Acho que seria importante mostrar tambem as redacoes que sugerem medidas a' luz dos principios consagrados na carta dos direitos humanos. Como bem disse, como base nessas redacoes pouco poder-se-a comentar na medida em nao temos em mao os dados estatiscos globais. Sugeria que nao fizessemos generalizacoes porque esses dados podem ser isolados ou influenciados por criancas que vivem o trauma dos linchamentos por perto...Mocambique tem muito mais crianca! Todavia, e' mesmo triste ver uma crianca a pensar assim, algo seguramente nao anda bem!

Anónimo disse...

Concordo com o último anónimo. Quem vos lê e não conheça Moçambique convence-se, sem dúvida, de que este país atingiu os limites do permissível em violência. Repito uma coisa que disse antes: Este país não é mais violento do que qualquer outro que eu conheça (estudei fora e visitei alguns países). Nem as nossas crianças são doentiamente sádicas.

Obed L. Khan

Anónimo disse...

Caro amigo Macia, ninguém nega a punição dos criminosos, mas numa sociedade que se diz civilizada não pudemos aceitar este tipo de punição proposta pela "criança-centro" do presente debate.
Não esqueço-me que o nosso sistema penitenciário (e não só) está falido.

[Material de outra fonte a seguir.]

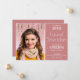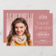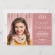 Cuenta con un bonito fondo de purpurina rosado. En el lado derecho de la clase de tarjetas de la invitación de graduación de 2021 está el nombre del estudiante, el nombre de la escuela y a qué universidad va. Hay un pequeño separador vertical entre la foto y el texto. Personalízalo con tu propia foto y texto.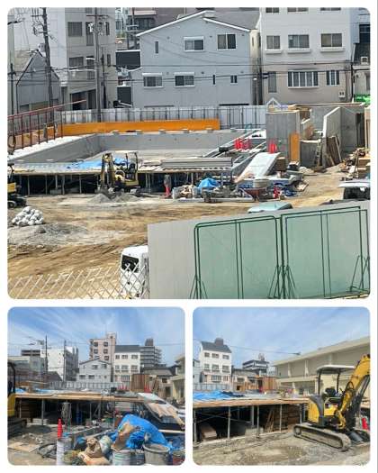 大勢の職人さんが朝早くから働いています。7月に完成予定です。
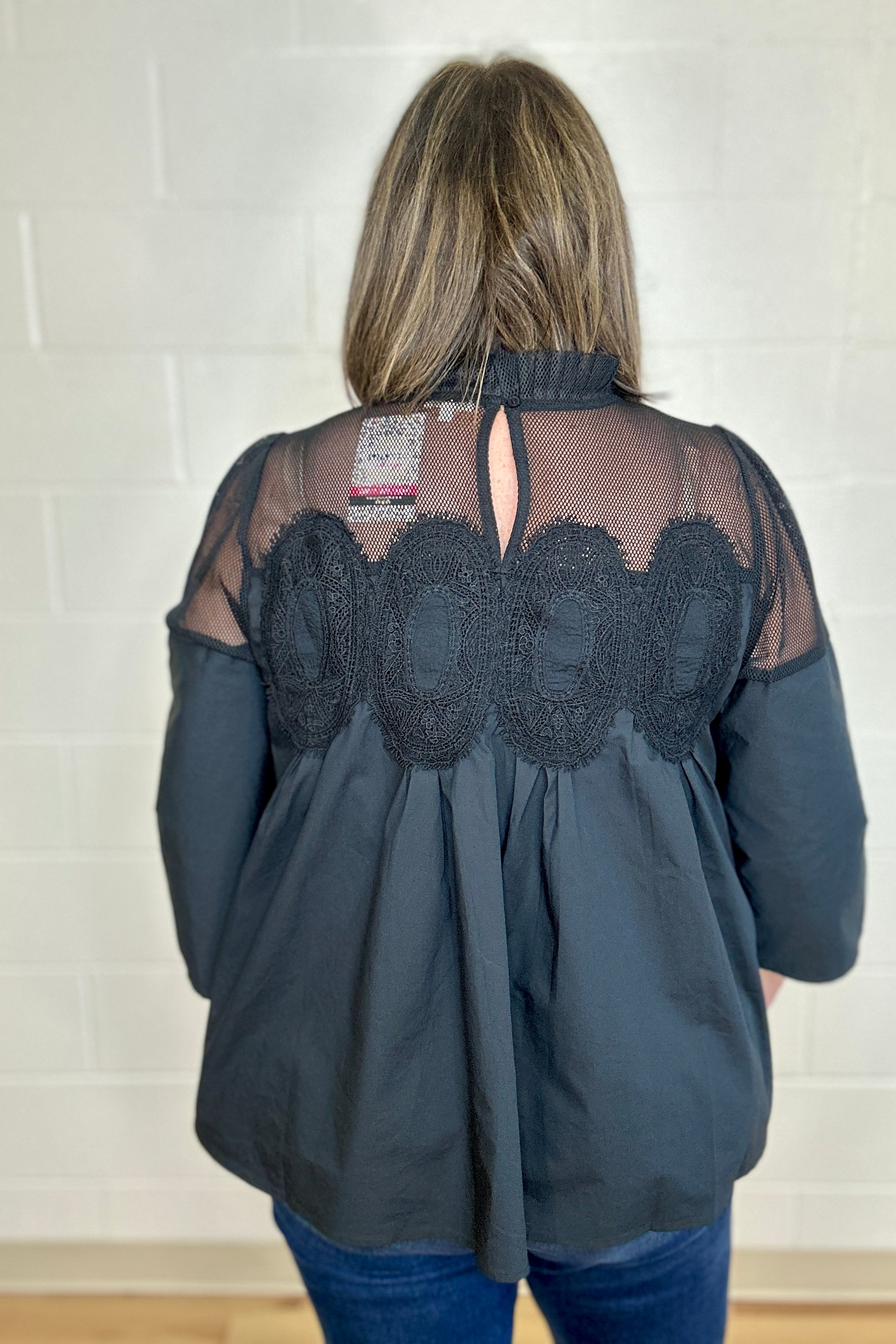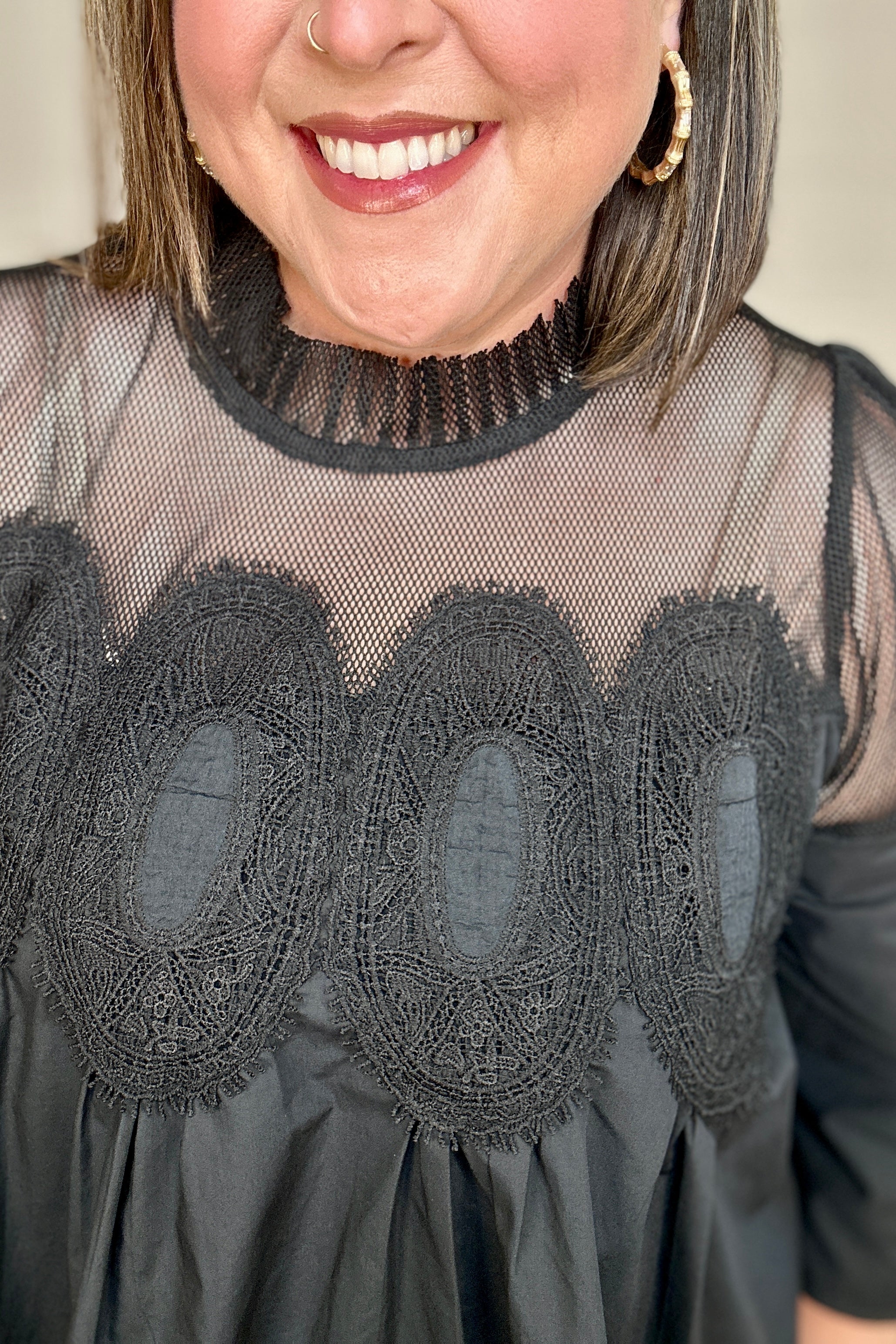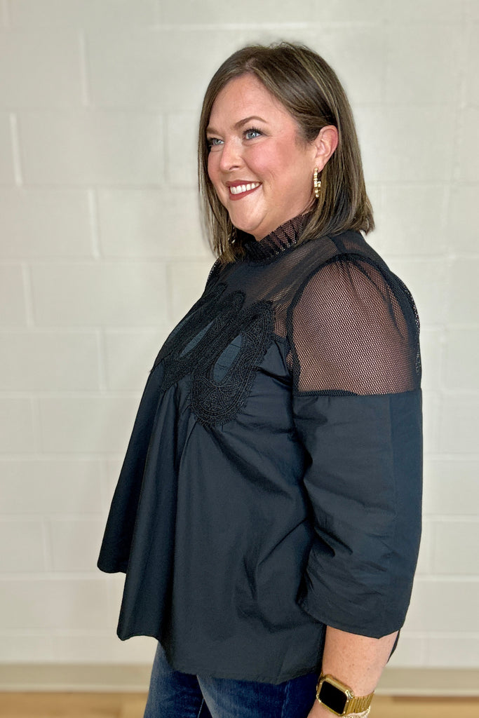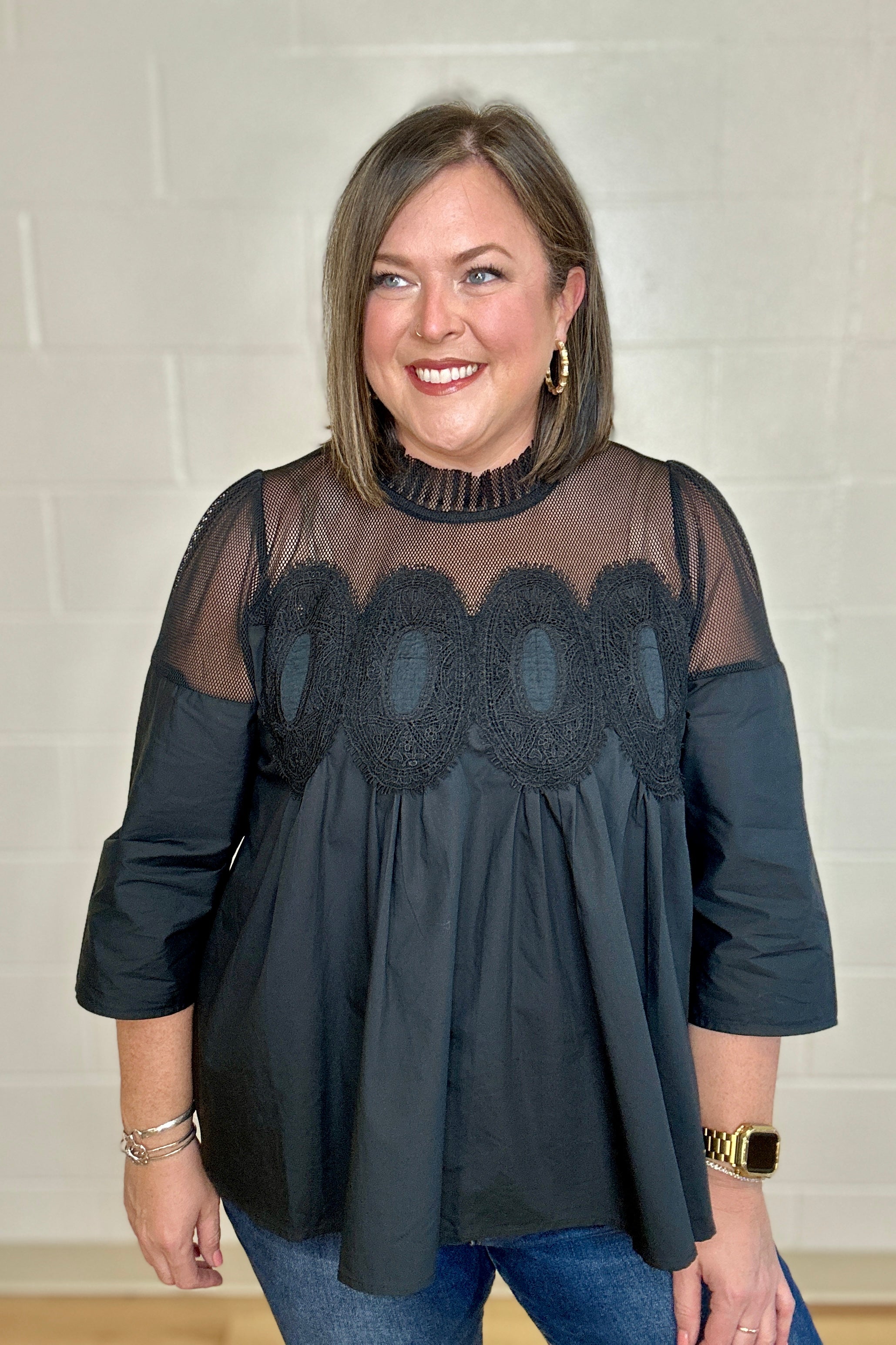 This Black Babydoll Top offers a flattering fit with comfortable 3/4 sleeves. The elegant mesh contrast and delicate crochet accents add stylish detail, while the button closure at the back provides an easy, secure fit. Designed to blend comfort and sophistication, this top supports you in feeling confident and effortlessly chic.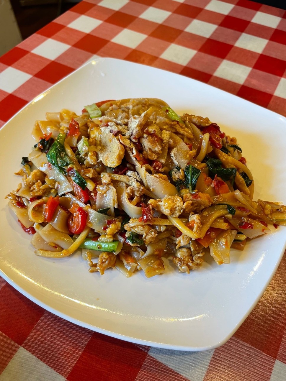タイの焼きそば。こちら店員さんに更に辛くして欲しいと伝えたところ快くOK👌元々の表記も唐辛子🌶️が5つ。お店の辛さレベルでは上位に違いない😆平打麺に豚挽肉と各野菜、パクチーなど唐辛子とナンプラー等の調味料で炒めてあり、めちゃくちゃ美味でした。辛さに強くないかたは辛さ弱めも頼めそうです〜是非ご賞味ください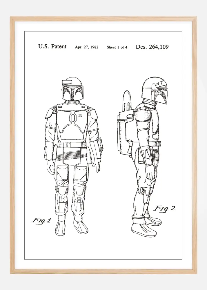 Imponeeri tükiga ajaloost oma seinal, kasutades seda peenelt kujundatud patentplakatit, mis kujutab ikoonilist Boba Fett'i turvisekostüümi Tähesõdade filmist. Kavandatud seiklusteks väljaspool tavalist. See täpne Ameerika patendi reproduktsioon, numbriga Des. 264,109 ja dateeritud 27. aprill 1982, on austusavaldus ajatu innovatsiooni ja disainigeeniuse jaoks. Ideaalne, et lisada kunstilist ja tööstuslikku hõngu kontorisse või kodukogusse, innustades keskkonda, mis on täis inspiratsiooni ja loovust.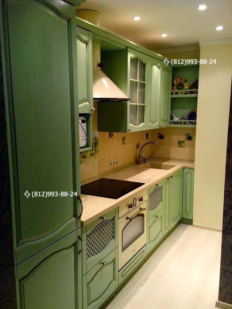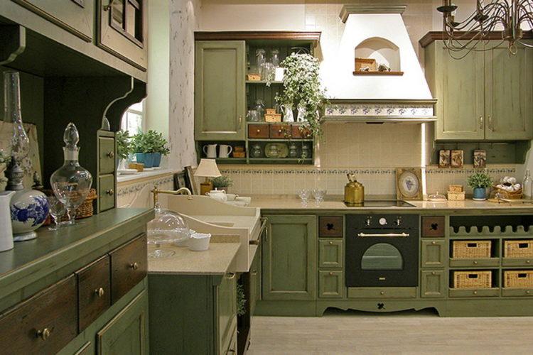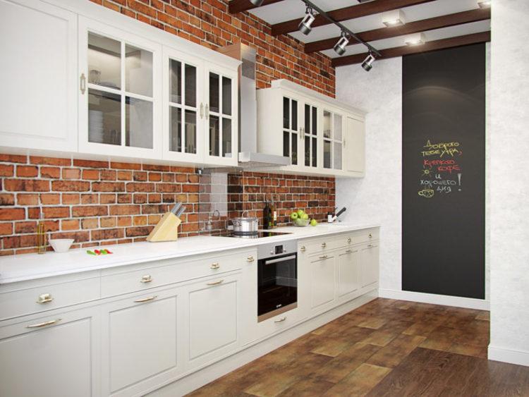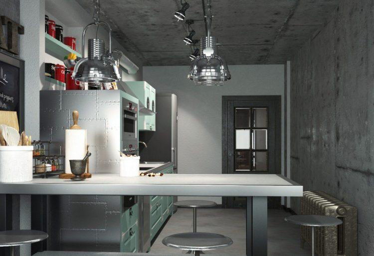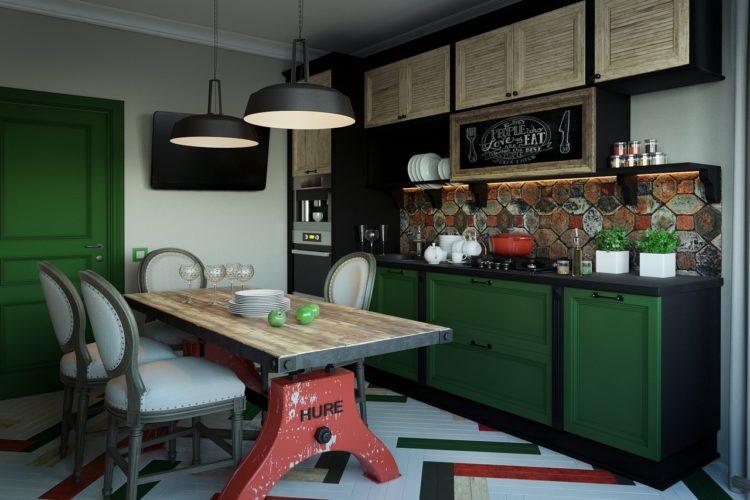 El interior verde de la cocina de estilo loft combinado con detalles en blanco diluirá algo de grosería y agregará frescura al apartamento.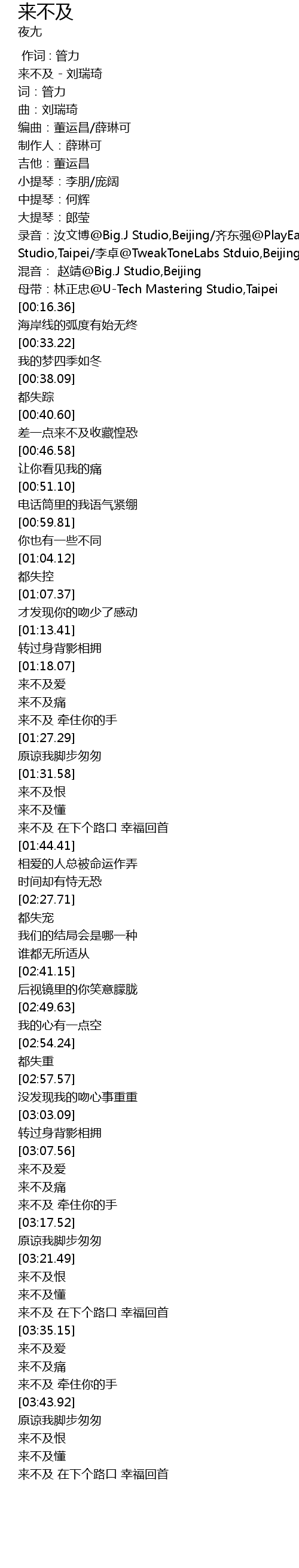 | [00:01.16] | 来不及 - 刘瑞琦 |

Todos nós sabemos que uma lei a mais ou a menos não vai mudar nada.
É preciso mudar a cultura em relação à criminalidade. Devemos entender que o infractor é uma pessoa com outras perturbações, que as concepções políticas, religiosas e sociológicas não abarcam.
Para distúrbios de conduta, temos sempre que dar uma chance de tratamento e intervenção, o que não significa impunidade.
Caro amigo I. Macia, não encontro nas palavras desta pequena criança nenhuma inteligência e não precisava de ter noções de direitos humanos para saber que a conduta proposta por ela perante o criminoso (ou a criminalidade) é errada. Veja que no fim até diz que também os que maltrataram vão ajoelhar-se diante do pastor para pedirem perdão...quer dizer reconhece que a "justiça pelas próprias mãos" não é o melhor caminho.
Um grande abraço a todos

Jojó Lemos (ex. anónimo)

Anónimo disse...

a crianca e' de todo inteligente! e se calhar deixar um 'take home message' para os adultos....

Carlos Serra disse...

Naturalmente que há crianças que têm outro tipo de discurso, do género "não devemos bater nem matar, devemos levar à polícia". Em tempo devido falaremos de todos esses casos.

ilídio macia disse...

Caro Lemos, estou a gostar do debate. É muito fino e didáctico. Deixe-me só citar o último periodo do seu comentário: " Veja que no fim até diz que também os que maltrataram vão ajoelhar-se diante do pastor para pedirem perdão...quer dizer reconhece que a "justiça pelas próprias mãos" não é o melhor caminho." Ora, meu caro Lemos, se afirmas que a criança "reconhece que a justiça pelas próprias mãos não é melhor caminho", então creio que está aí mais um sinal de inteligência desta criança-centro do nosso debate.

Carlos Serra disse...

Parece (os dados ainda estão a ser tratados) haver uma característica central nas redacções das crianças de Maputo e Beira: a exigência de punição, frequentemente a punição antes de o ladrão ser entregue à polícia.